Today, with modern computers, the process of editing a feature film can feasibly be completed by an editor with an assistant, and maybe a helpful producer or production manager clearing legal and licensing hurdles. Similar efficiency gains have revolutionized filmmaking across the board, from digital cameras, to LED lights, to digital and cloud-based paperwork for production and legal, and beyond.
The sheer shrinking of the cost of making a film is nothing short of a miracle. It should be easier than ever to make a buck, right?
As an artist, craftsman, or even just someone who wants to know that their work isn’t a waste of time, we want the films we make to reach their full potential; We want our films to reach everyone who find it valuable.
And as entrepreneurs, or at least as people who wish to make a living this way, we want to capture a commensurate share of the value our films make.
This is how I see the paradigm: even if a film is a bit niche, it still has value. Maybe there are 10,000 people around the world who would be willing to pay a ticket price to see it, and maybe 5,000 people who would be willing to purchase a DVD or digital copy, and maybe another 100,000 people would watch it on an ad-supported platform that pays some dividend to the filmmakers. And then throw in a few other avenues like merchandise and supportive patrons.
Aggregated together, that would be the film’s hypothetical total value, and maybe that could total out to $500,000. Not bad! It’s our challenge as the creators to find a way to distribute the film in such a way that its full value can be realized while managing costs and partnerships in order to capture some of that value so that we can have a sustainable career.
And I refuse to believe that this isn’t more possible in today’s day and age considering that we don’t have to edit on flatbed machines anymore. Independent filmmaking should be more dynamic and successful than ever, but it’s not.
The US film industry is producing fewer films and shows, and those films and shows are being built off of pre-existing IPs.
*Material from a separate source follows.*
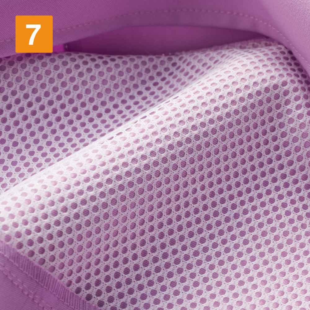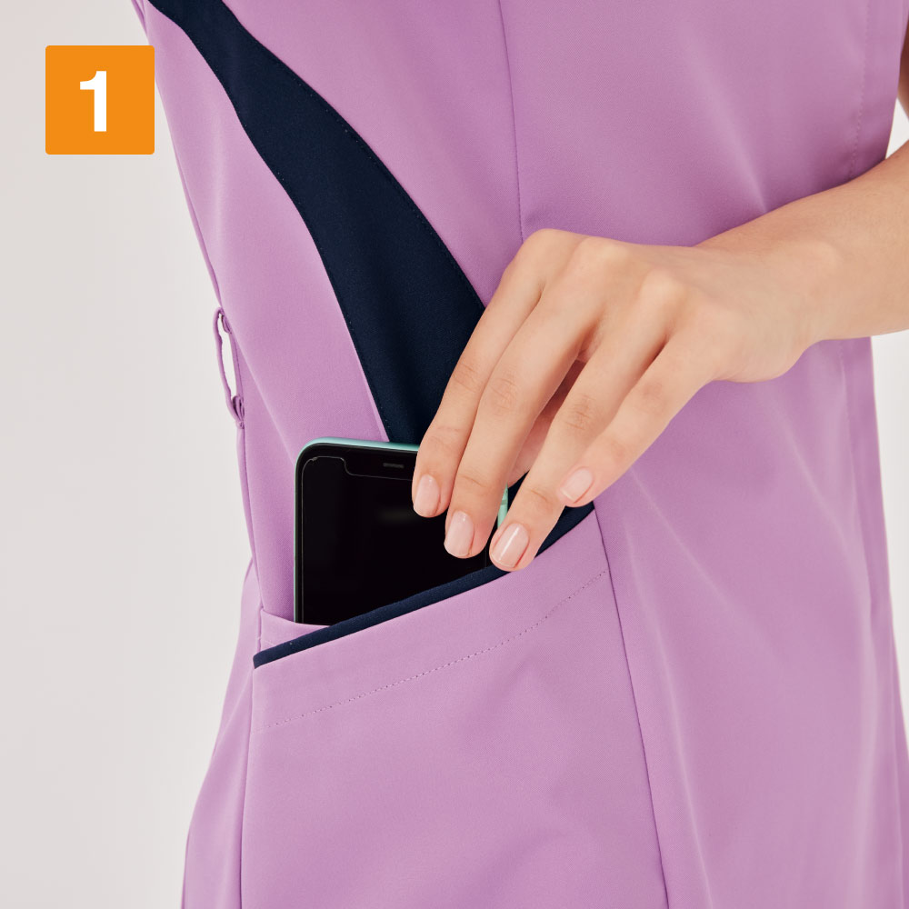 服の裾から背中の排出スリットまで空気が抜けるように設計されたスクラブ。服の内部を常に心地よい状態に保ち、お仕事時のストレスも低減してくれます。背面の排出スリットの部分は裏地にメッシュを使用し、より効率的に空気を排出。熱がこもらず、暑い季節にぴったりの仕様です。収納面では、左胸と両脇にポケットが配置されています。脇ポケットは、タブレット端末もすっぽり入る超大判デザイン。さらに、右脇には携帯電話用のミニポケットや、はさみなどをつないでおけるループも備えています。持ち物を整理して持ち運べるので、お仕事の効率もアップ!
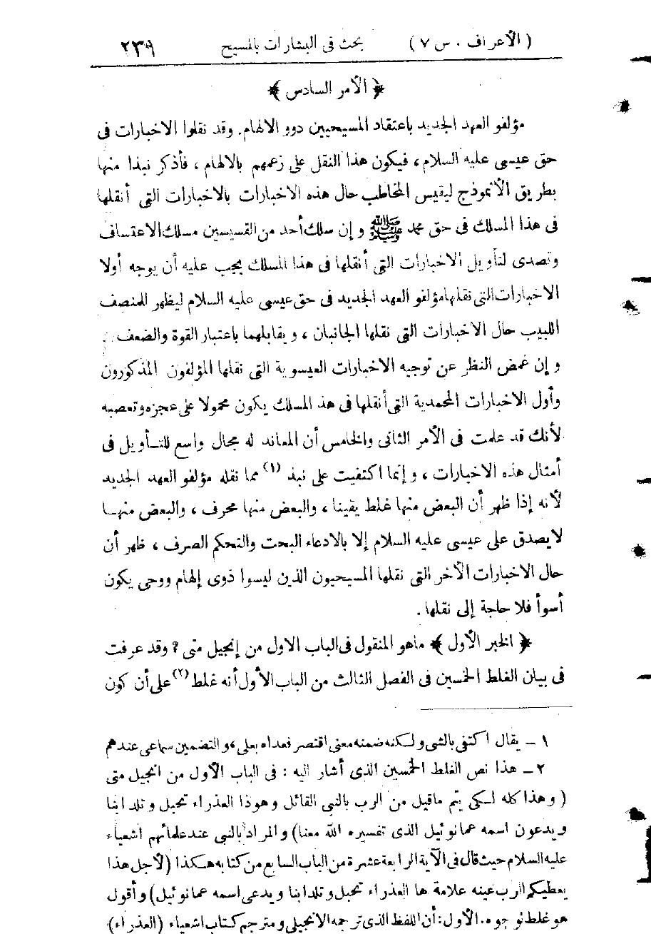 وَأَقُولُ: إِنَّ التَّفَاوُتَ بَيْنَ اللَّفْظَيْنِ يَسِيرٌ جِدًّا، وَإِنَّ الْحُرُوفَ الْيُونَانِيَّةَ كَانَتْ مُتَشَابِهَةً، فَتَبَدُّلُ بيركلوطوس بباراكلي طوس فِي بَعْضِ النُّسَخِ مِنَ الْكَاتِبِ قَرِيبُ الْقِيَاسِ، ثُمَّ رَجَّحَ أَهْلُ التَّثْلِيثِ الْمُنْكِرِينَ هَذِهِ النُّسْخَةَ عَلَى النُّسَخِ الْأُخَرِ، وَمَنْ تَأْمَّلَ فِي الْبَابِ الثَّانِي مِنْ هَذَا الْكِتَابِ. وَالْأَمْرَ السَّابِعَ مِنْ هَذَا الْمَسْلَكِ السَّادِسِ بِنَظَرِ الْإِنْصَافِ اعْتَقَدَ يَقِينًا بِأَنَّ مِثْلَ هَذَا الْأَمْرِ مَنْ أَهْلِ الدِّيَانَةِ مِنْ أَهْلِ التَّثْلِيثِ لَيْسَ بِبَعِيدٍ بَلْ لَا يَبْعُدُ أَنْ يَكُونَ مِنَ الْمُحَسِّنَاتِ.

If independent filmmaking was healthy, then we would expect to see more and more originals and independents punching far above their weight and to see the studios racing to platform them — but that is not the case. There may be more independent films as a raw total, but they are a miniscule part of the industry that the studios can’t even be bothered to even look at.
Why? Many people have put forth a diverse array of answers; maybe it’s the paradigm shift of the Chinese market, or the Millennials and their digital consumption habits. My answer is that the streaming business model is built to make us fail.
If you make a film, how many other people in the world have either the personal desire or the economic incentive to help make that film succeed? It used to be, say 10-20 years ago, that you could contract with a sales agent and they would do a lot of the heavy lifting; package your film, pitch it to networks, studios and distributors, work with VHS and DVD manufacturers, and advertise it in key markets. And what we took for granted in this model is that everyone involved, from the DVD makers to the networks and studios, to the distributors, theaters and advertisers, makes more money when more people see the movie.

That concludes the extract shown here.